Complete unscientific incling, but seems to hold out a lot of the time - if
you HAVE to finish things.

------
lionhearted
> So, for the last 30 days, my mission has been to finish stuff. It's amazing
> how much change this one small item has made, every day, both 'in real life'
> as well as in all the online stuff it looks like there is a way to reach
> that 100% complete state after all.

Strange - I set a very similar goal a month ago. Actually, two goals. One is
to finish stuff.

The other is I want to become "prolific" in general - I want to do a hell of a
lot of stuff at 60% good, and make a sequel if the 60% good version is a hit.

I just saw this today:

> The main theory proposed by Simonton is that creative genius is simply a
> product of random and possibly unrelated ideas being combined in an
> interesting way through the combinatorial process. Simonton then makes a
> series of assumptions. From his theory and the assumptions, he concludes the
> existence of the equal-odds rule, which has been supported by empirical
> data. The equal-odds rule says that the average publication of any
> particular scientist does not have any statistically different chance of
> having more of an impact than any other scientist's average publication. In
> other words, those scientists who create publications with the most impact,
> also create publications with the least impact, and when great publications
> that make a huge impact are created, it is just a result of "trying" enough
> times. This is an indication that chance plays a larger role in scientific
> creativity than previously theorized.

Submitted it here but it didn't take:
<http://news.ycombinator.com/item?id=1487777>

I'd like to finish more, but I'd also like to ship more stuff when it's 60%.
I'm using 60% in the sense of, "When you're 90% done, you're half finished."
I'd like to put a fast coat of paint on 90% done/half-finished stuff and get
it out the door, then be on to the next thing.

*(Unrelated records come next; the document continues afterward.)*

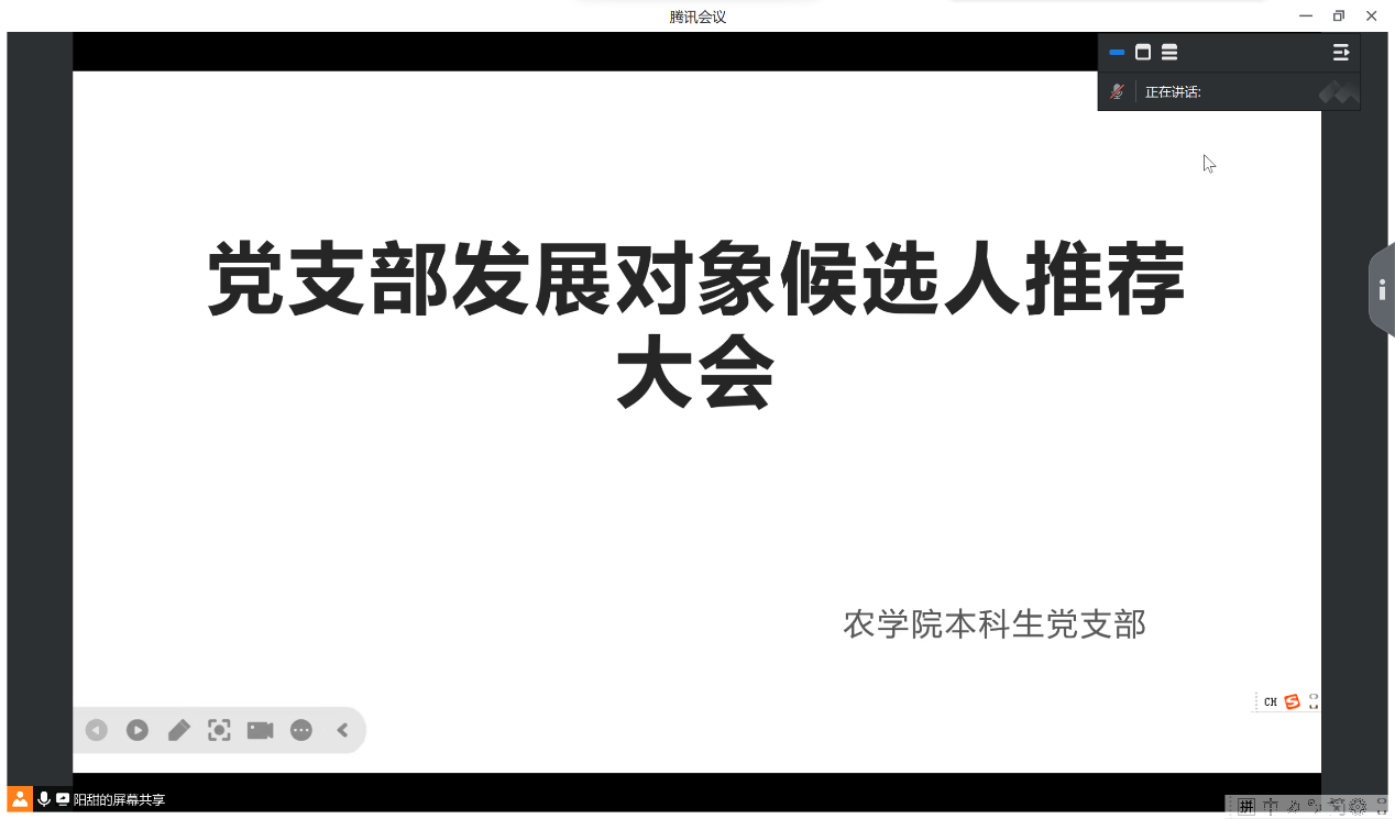 (通讯员 李雅倩)为进一步加强公司党员队伍建设,做好党员发展工作,确保发展党员的质量,4月9日晚8:00,公司本科生党支部在腾讯会议召开2024年上半年党的发展对象推荐大会。活动由党支部青年委员阳甜同志主持,党支部书记黄承石同志和全体本科生党员参与讨论。
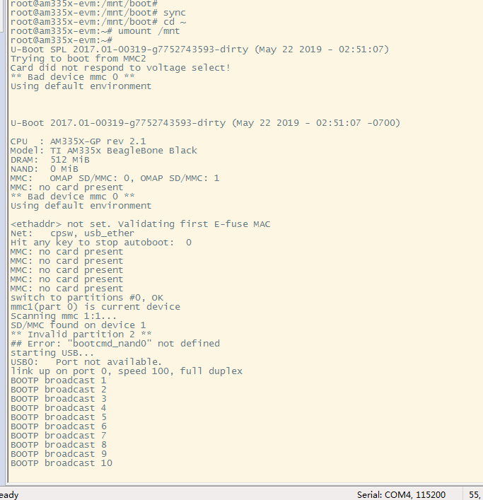2、将eMMC按照sd卡分区,并且将MLO和uboot.img、am335x-boneblack.dtb 与 zImage放入boot区,另外一个区放文件系统。bb black可以启动bootloader,但是启动内核和文件系统失败。
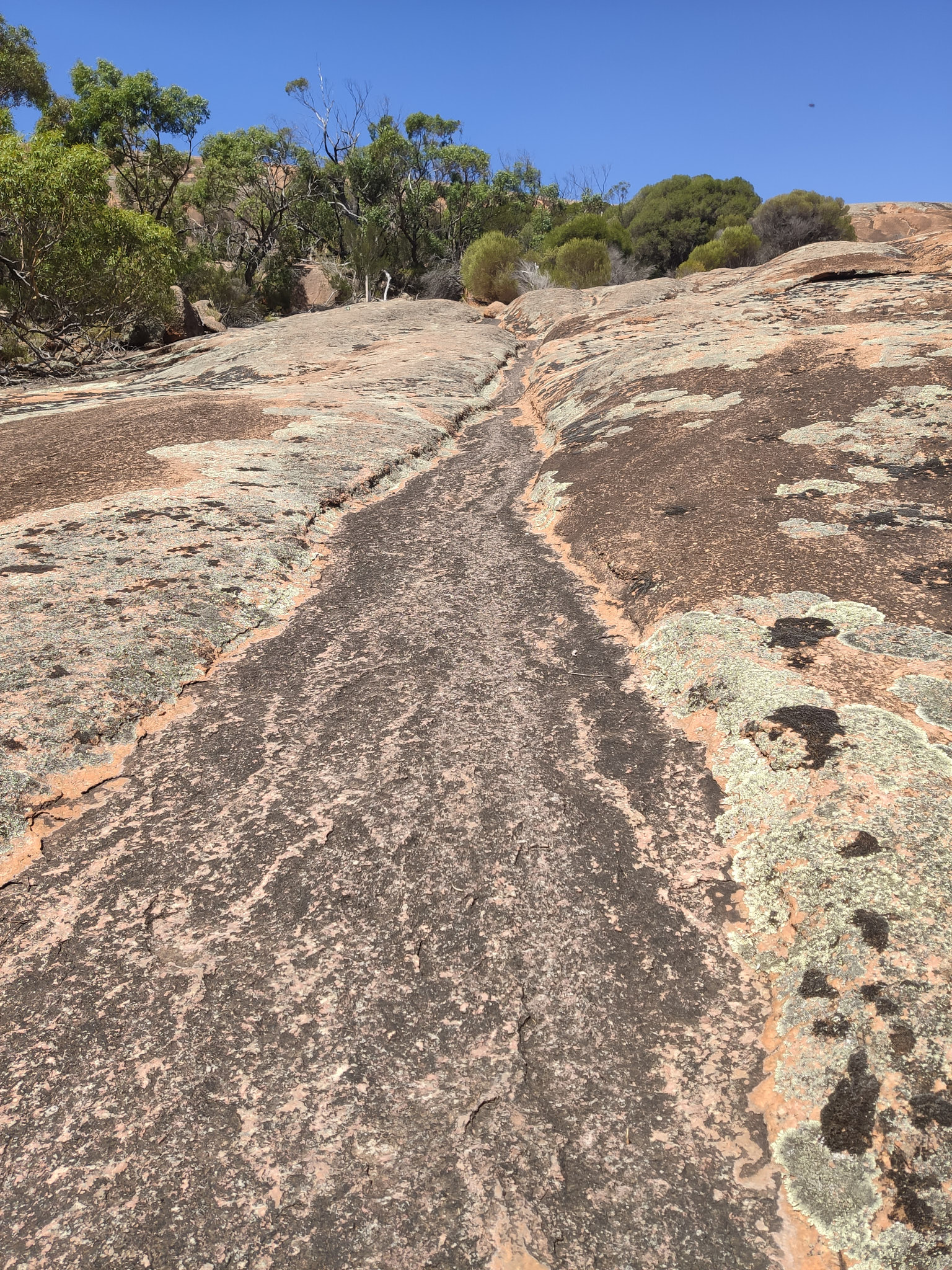 Auf dem rund halbstündigen Weg rauf und runter lernt man die lokale Fauna sowie neue Begriffe wie A-Tent (Granitblöcke bilden ein Zelt wie ein A), Tafoni (Löcher oder Höhlen im Fels), Gnammas (Wasserlöcher, das Wort kommt aus der Nyungar Sprache) und Rillen (Namensgebung durch deutsche Forscher…). Mount Wudinna hat sich gebildet, als durch das Erodieren von Gesteinsschichten über dem Granit der Druck nachliess und der Granit nach oben gewölbt wurde. Die grossen Felsen (Boulder) auf den Flanken des Monolithen waren (und sind) Teile des Granitblockes und wurden an Ort und Stelle so erodiert.
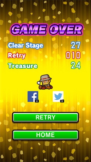 如果Bob不慎碰到尖刺或者怪獸,游戲?qū)㈦S之結(jié)束。地面或者普通墻壁,即使碰撞到也不會(huì)影響游戲。
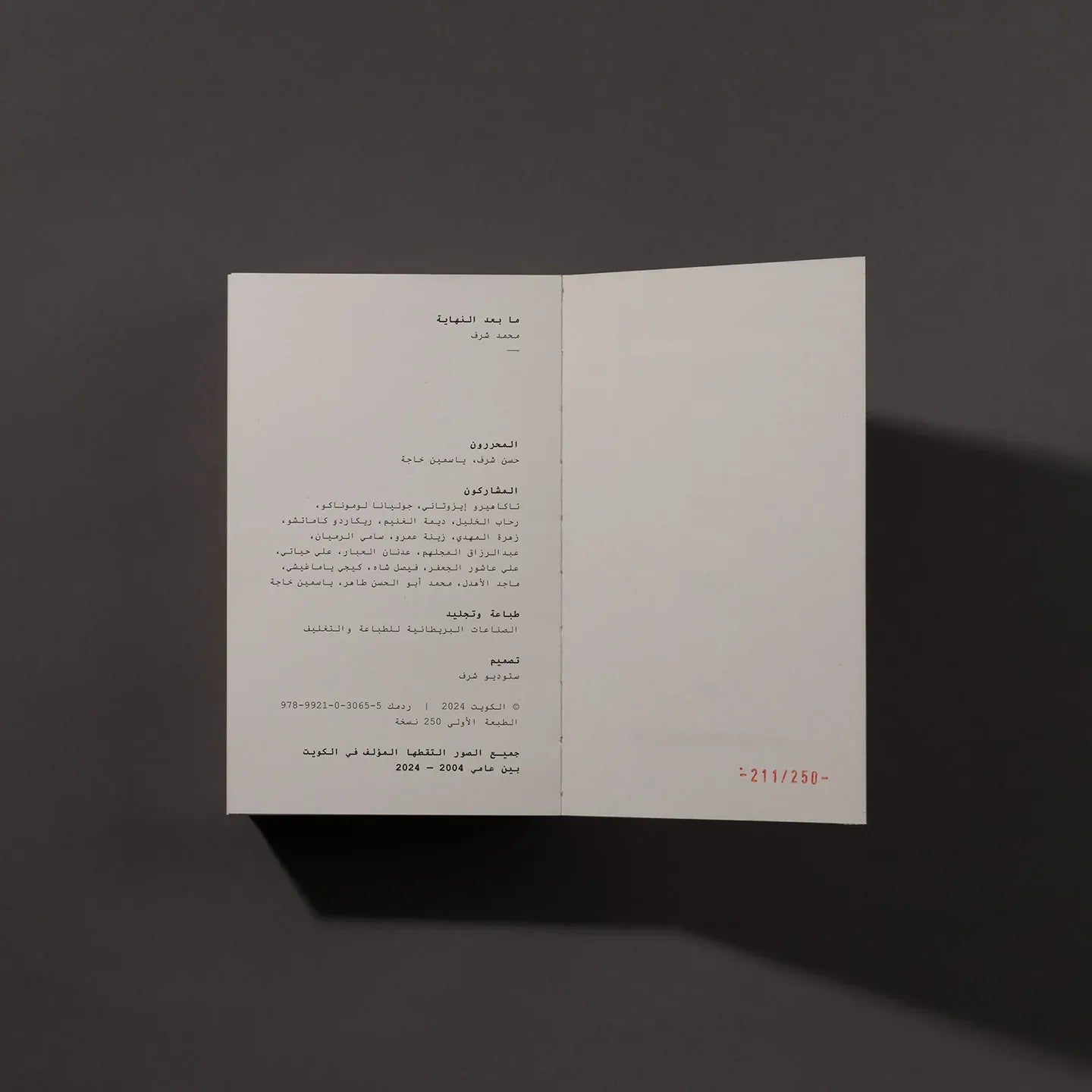 الطبعة: طبعة أولى محدودة من 250 نسخة، مرقمة
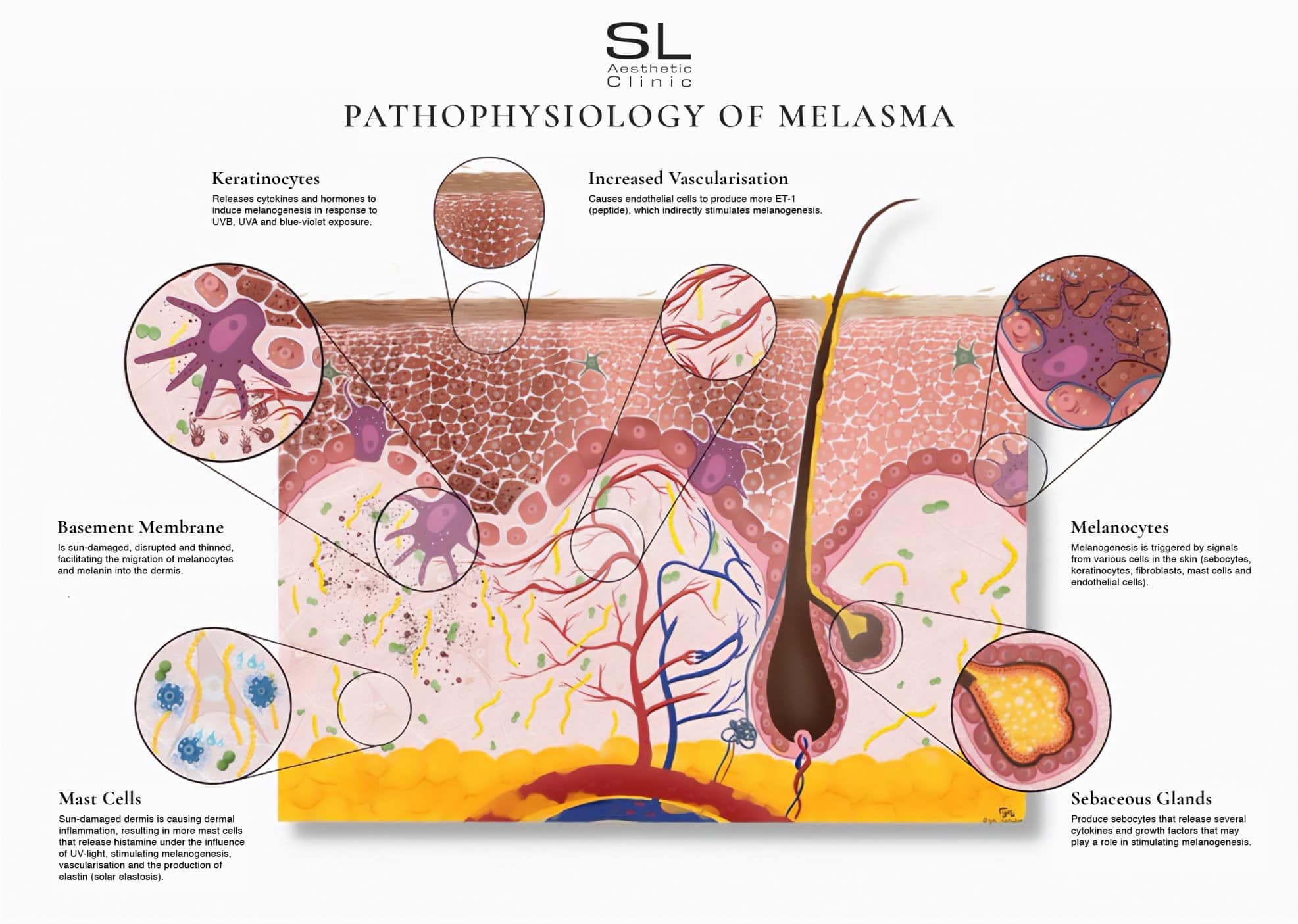 Melasma occurs when melanocytes, the pigment-producing cells in the skin, become overactive and produce too much melanin (the pigment that gives skin its colour).
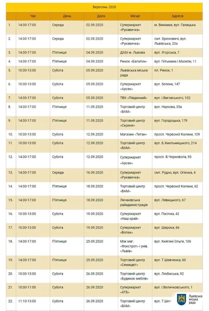 Екобуси мають зупинки у всіх районах Львова, а також у Винниках, Брюховичах і Рудно. Львів'ян просить приносити відпрацьовані лампи і батарейки на утилізацію.
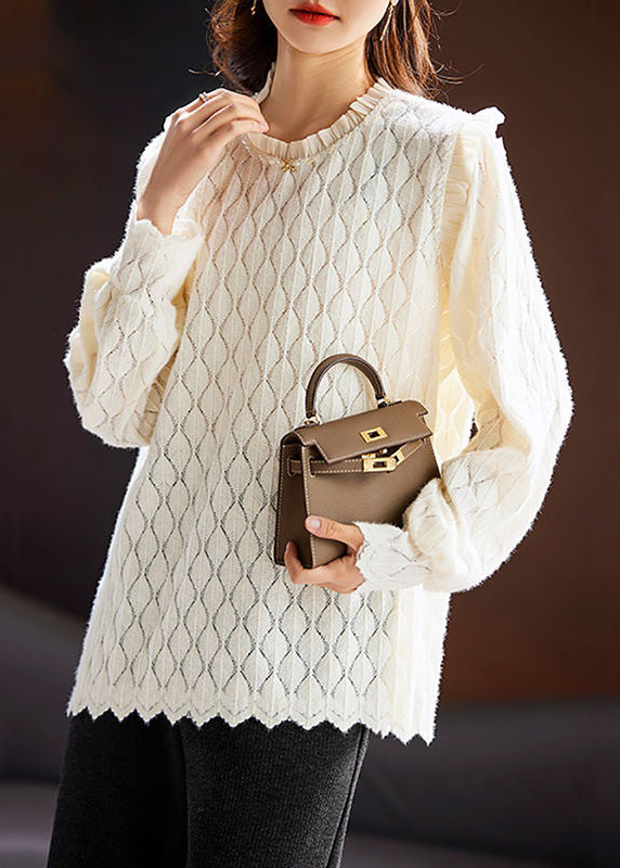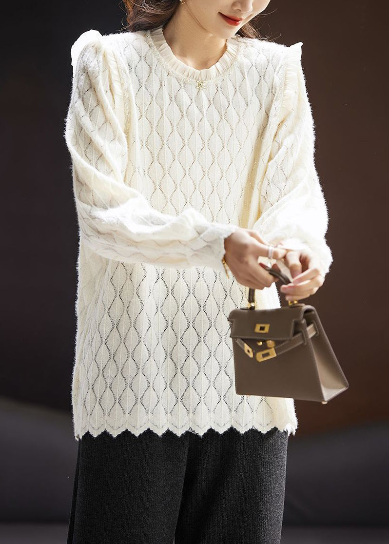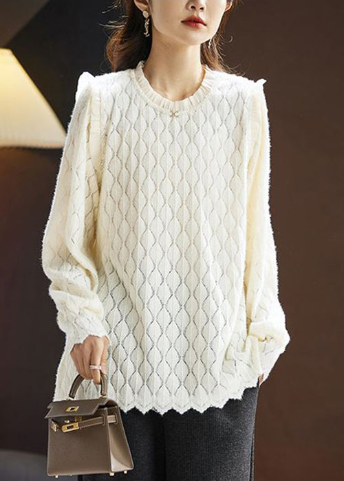 Beige Patchwork Lace Blouses O Neck Long Sleeve
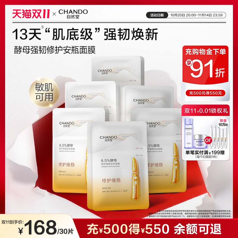 自然堂6.5%酵母修护维稳安瓶面膜10片敏感肌喜默因保湿强韧基底

Edit: I think wanting to finish things and being comfortable calling something
finished at 60-90% done are basically two sides of the same coin, they're both
ways to eliminate this feeling:

> That way I can stop worrying about still having to do all that stuff too.

So you can either take immediate, decisive action to fix something, or you can
be comfortable ignoring it knowing that you're doing a hell of a lot of
valuable stuff good enough, and giving yourself a blessing for shipping the
good enough version _and moving on without letting it bother you_.